The Rocket Racing League Will Fly in August

Way back in October of 2005 I had a piece on a proposed rocket racing league - NASCAR on steroids. It's taken awhile to get organized, but the league is supposed to hold an exhibition race this summer at the big EAA Show in Oshkosh, WI:

NEW YORK — Rocket mavens, mark your calendars: The date of the first Rocket Racing League race has been set.

On Aug. 1-2, the league will stage a high-flying version of NASCAR with rockets at the EAA AirVenture air show in Oshkosh, Wis., in its first-ever exhibition race.

Two racers will fly planes powered by rocket engines on a 2-lap circuit around an airborne raceway.

Pilots in the races will view the sky racecourse on 3-D helmet displays, while the roughly 700,000 people expected to attend will watch the action on multiple 50-foot (15-meter) projection screens.

"We're using 21st century technology to create a 21st-century sport for 21st-century people," said Granger Whitelaw, Rocket Racing League CEO, during a press briefing here at the Yale Club. "We're very excited about announcing our first public exhibition race." ...

The league currently has six teams that will compete in four series of races throughout the year.
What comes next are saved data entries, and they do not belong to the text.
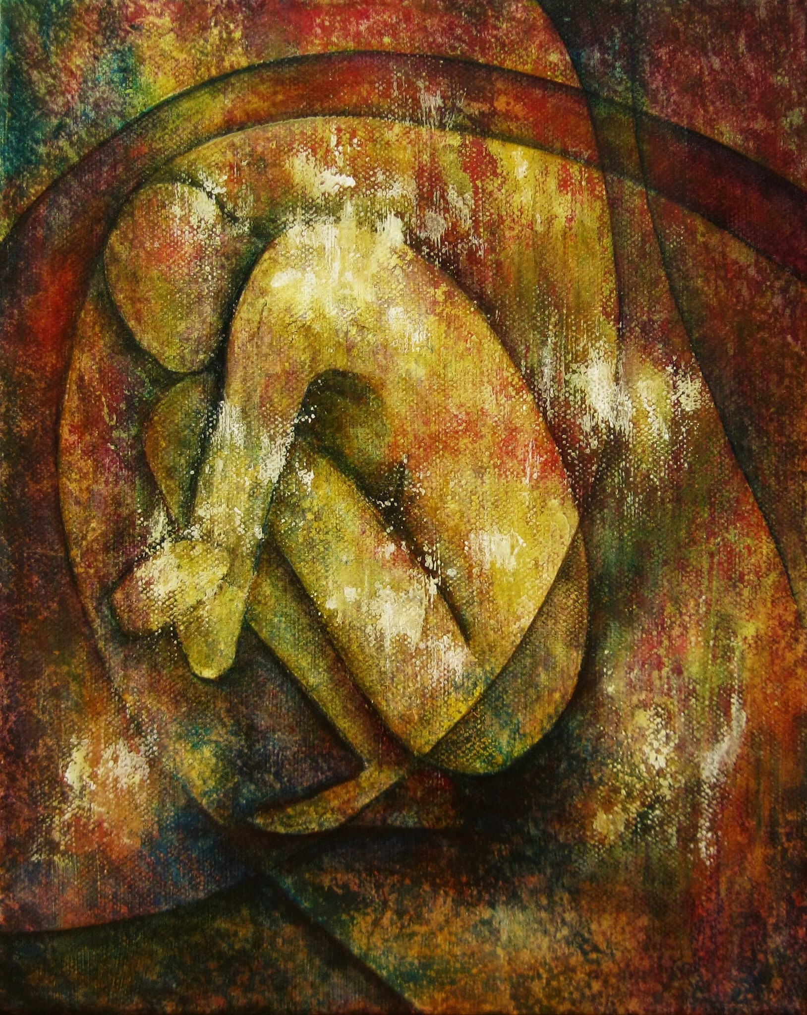 Abstract figuratief schilderij van een kleurrijk vrouwelijk figuur. De vrouw hurkt neer en kijkt naar de grond.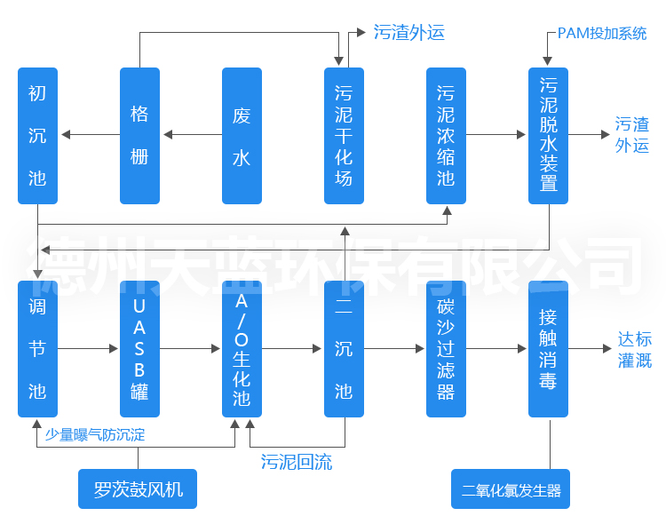 因此厭氧—好氧串聯(lián)工藝在能耗、投資、處理成本和治理效果方面都具有大的優(yōu)越性。我們根據(jù)廢水的水質(zhì)特點(diǎn)及養(yǎng)殖場具體條件,結(jié)合多項(xiàng)工程的成功經(jīng)驗(yàn),本著投資省、運(yùn)行費(fèi)用低、操作管理方便的原則,確定了“初沉+調(diào)節(jié)+UASB+A/O+二沉”處理工藝。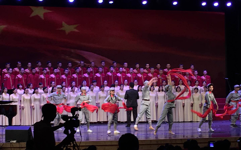 比赛当天,我们首先演唱的是指定曲目暨南大学校歌,接着是《保卫黄河》,富有张力的演唱仿佛为观众刻画了一幅幅为保卫黄河、保卫全中国而战斗的壮丽场景,铿锵有力、气势磅礴!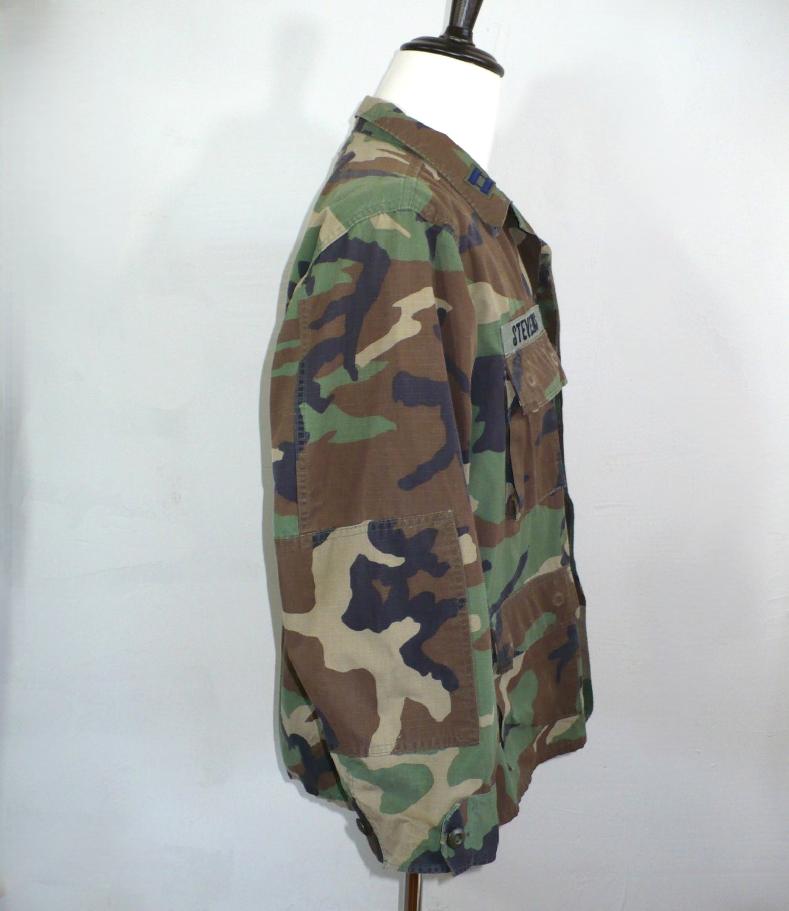 This camouflage jacket is a U.S. Air Force Battle Dress Uniform (BDU) in the M81 Woodland pattern, worn by Senior Master Sergeants. It was in service from 1981 to 2011.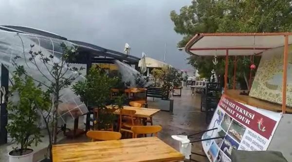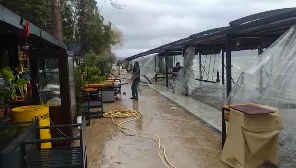 MUĞLA'nın Köyceğiz ilçesinde şiddetli yağış nedeniyle göl taştı, kordondaki iş yerlerinin masa ve sandalyeleri su altında kaldı.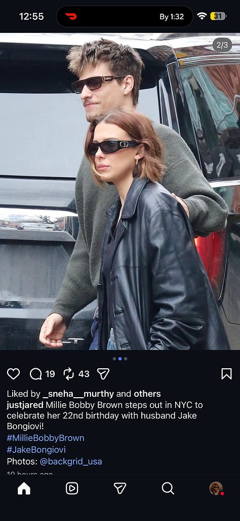 Millie Bobby Brown (I think she changed her name, but she will always be MBB to me). Did y’all clock that she didn’t go to Maya Hawke’s wedding? I did. I also walked past Maya and her now-husband on the street a couple of days before their wedding. No shade, I fully thought she was a lesbian.
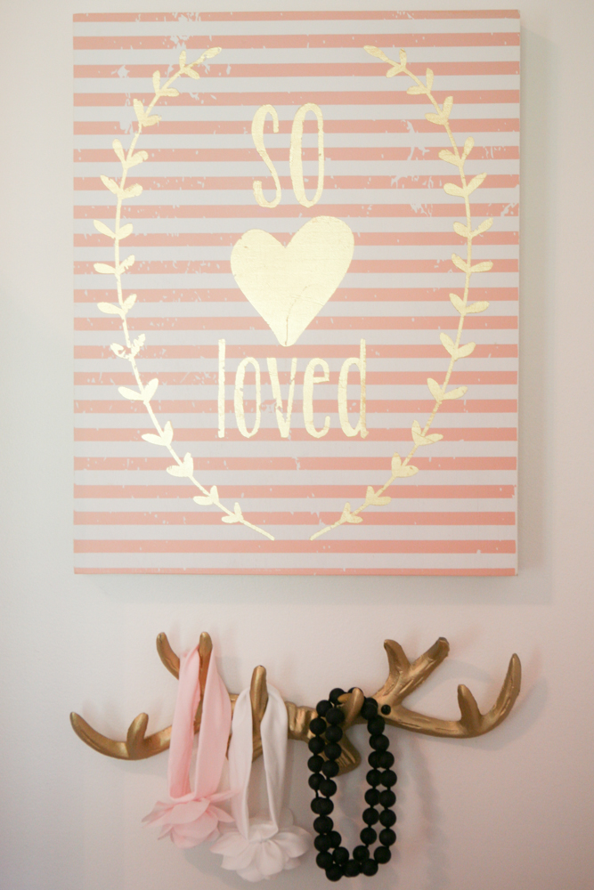 And my most precious babysitter and her soul-sister momma friend of mine gave our sweet baby this Hobby Lobby find…SO LOVED…yes she is already:) I found the gold antlers for hanging pretties at HomeGoods…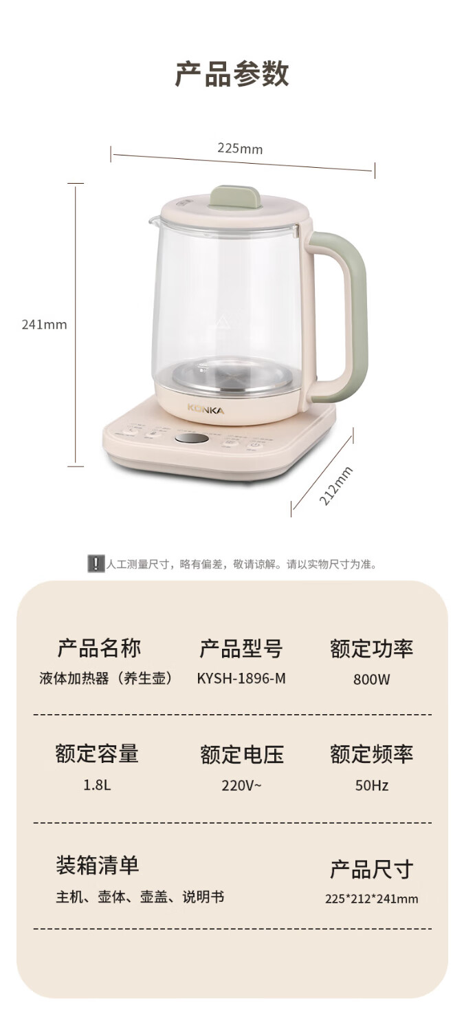 商品名称:康佳 养生壶 1.8L KYSH-1896-M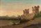 Scuola Dell'Italia del nord del XIX secolo ( - ) Paesaggio con fortezza olio su tela cm 50x70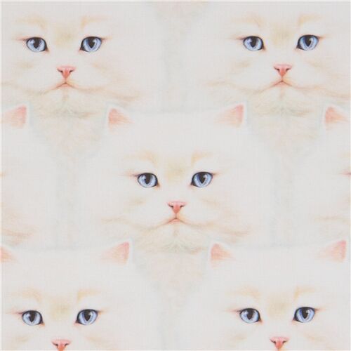 Tela crema claro de animales de Robert Kaufman tela de algodón crema claro con caras de gato de ojos azules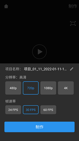 5、点击页面右上角的制作按钮,选择并设置视频的保存分辨率及FPS参数。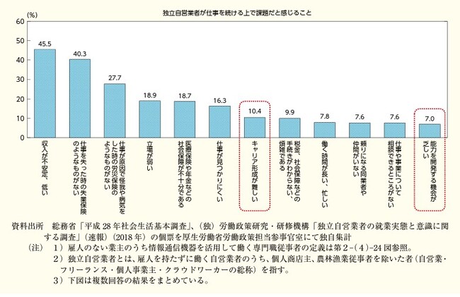 今後も介護や家庭と仕事を両立するために、新たな働き方の選択肢としてフリーランスや個人事業としてスモールビジネスを始める場合、一人では孤独であり、スキルやキャリアアップも難しい現状があります(別表参照)。だからこそ、共に分かち合い、成長できる仲間の存在が重要です。人生の後半をスタートするにあたって、一人ひとりが人生を見つめ直し、キャリアを立て直す。それぞれが能力を発揮できる場所を見つけることは、個人の充実感のみならず、社会全体の活力の維持にもつながると言えます。

After the first EAA AirVenture exhibition, later races will be staged at the Reno National Championship Air Races in Reno, Nev., between Sept. 10-14; at Aviation Nation at Nellis Air Force Base in Las Vegas, Nev., on Nov. 8-9, and at the X Prize Cup in Las Cruces, N.M., in late October.

The initial racer design was powered by XCOR's liquid-oxygen and kerosene rocket engine, though Whitelaw announced Monday that a second engine type, fueled by liquid-oxygen and ethanol, will also be available.

Mesquite, Tex.-based Armadillo Aerospace, founded by computer game-developer John Carmack, will build the new engines, which can be stopped and restarted.
Since the engines burn liquid oxygen and ethanol, the company added a salt-water solution to the fuel to produce a bright yellow glow from the racers.

"We're building a robust set of technologies together that should be safe for the pilot, cost effective, and spectacular for the crowds," Carmack said via a video link.

That is going to be way cool. And more than a little dangerous - there aren't any "soft walls" where these guys will be flying.